▶ Material provided:
----------------

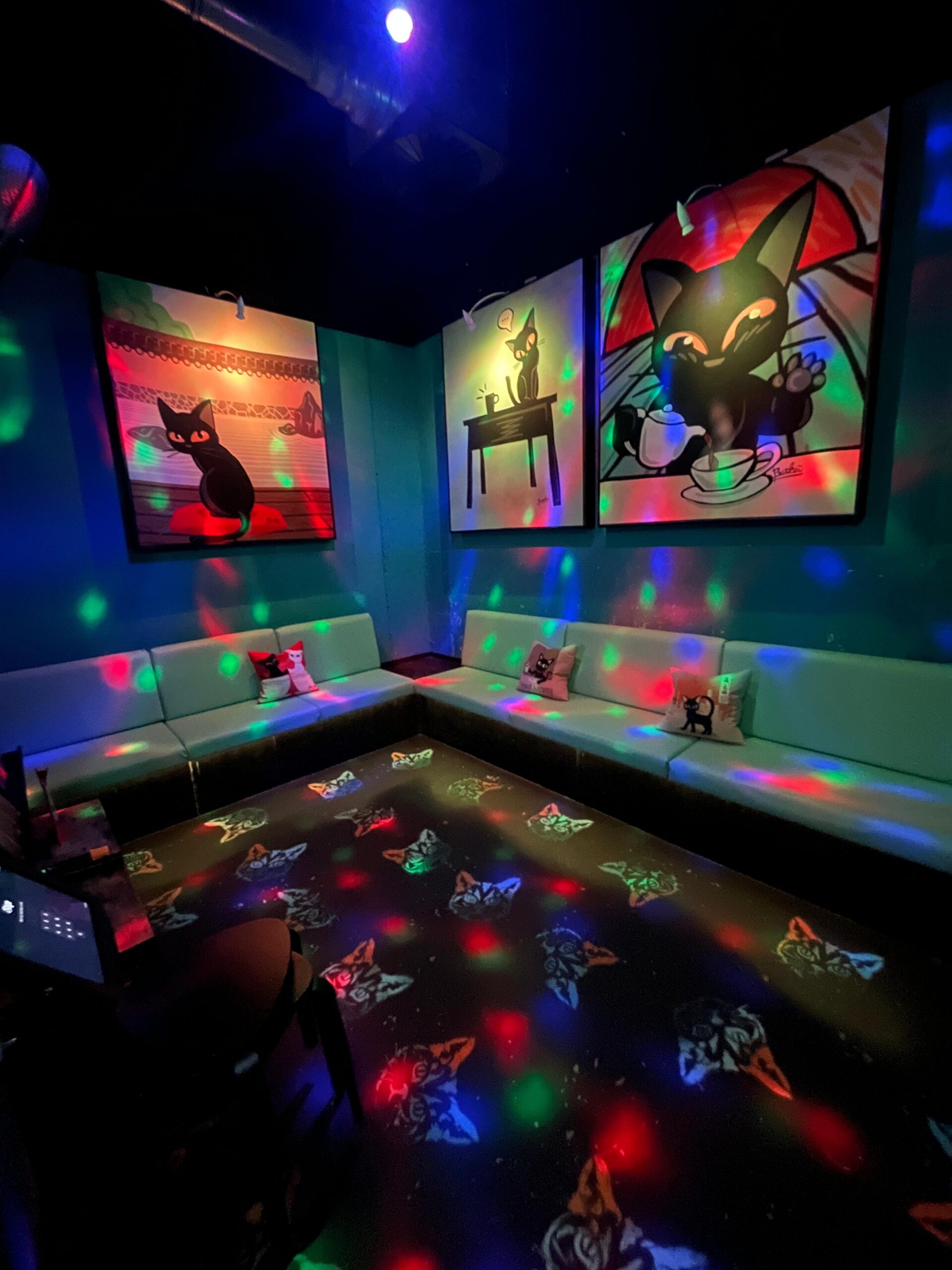 Can’t have a cat but would like to visit one? Our house cat, Whim, is watching from all the walls, his yellow eyes judging your song selection while he sips his coffee. Nickelback? Really? (Don’t worry, the room is soundproof. What you sing in the box stays in the box.)
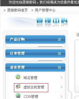 1、首先登陸我司網站m.shinetop.cn,輸入會員賬號和密碼,在管理中心左側點擊“業務管理”—“虛擬主機管理”如圖:
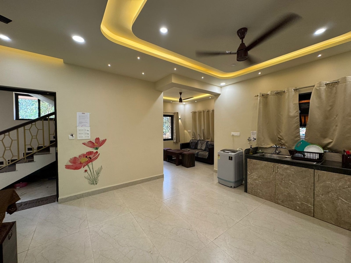 Fully furnished Tata Rio de Goa apartment near BITS Pilani Goa Campus. Flat has been furnished with 3 split ac, 2 geysers, 2 beds and 1 day bed (which can be converted into a queen size bed) Washing machine, inverter, Fridge, utensils,toaster, mixie, 2 hot induction plates, Microwave, water purifier, Dining table, iron with stand.Goa Tourism reg no HOTS001558. PLEASE NOTE All guests need to share identity proof ATLEAST 1 day before checkin Please rent self drive cars or bikes to best enjoy goa

----------------

From the line containing "1、首先登陸我司網站m.sh" to the end of the data above, give those lines again verbatim, with both endpoints included and no images.

▶ Answer area:
 1、首先登陸我司網站m.shinetop.cn,輸入會員賬號和密碼,在管理中心左側點擊“業務管理”—“虛擬主機管理”如圖:
 Fully furnished Tata Rio de Goa apartment near BITS Pilani Goa Campus. Flat has been furnished with 3 split ac, 2 geysers, 2 beds and 1 day bed (which can be converted into a queen size bed) Washing machine, inverter, Fridge, utensils,toaster, mixie, 2 hot induction plates, Microwave, water purifier, Dining table, iron with stand.Goa Tourism reg no HOTS001558. PLEASE NOTE All guests need to share identity proof ATLEAST 1 day before checkin Please rent self drive cars or bikes to best enjoy goa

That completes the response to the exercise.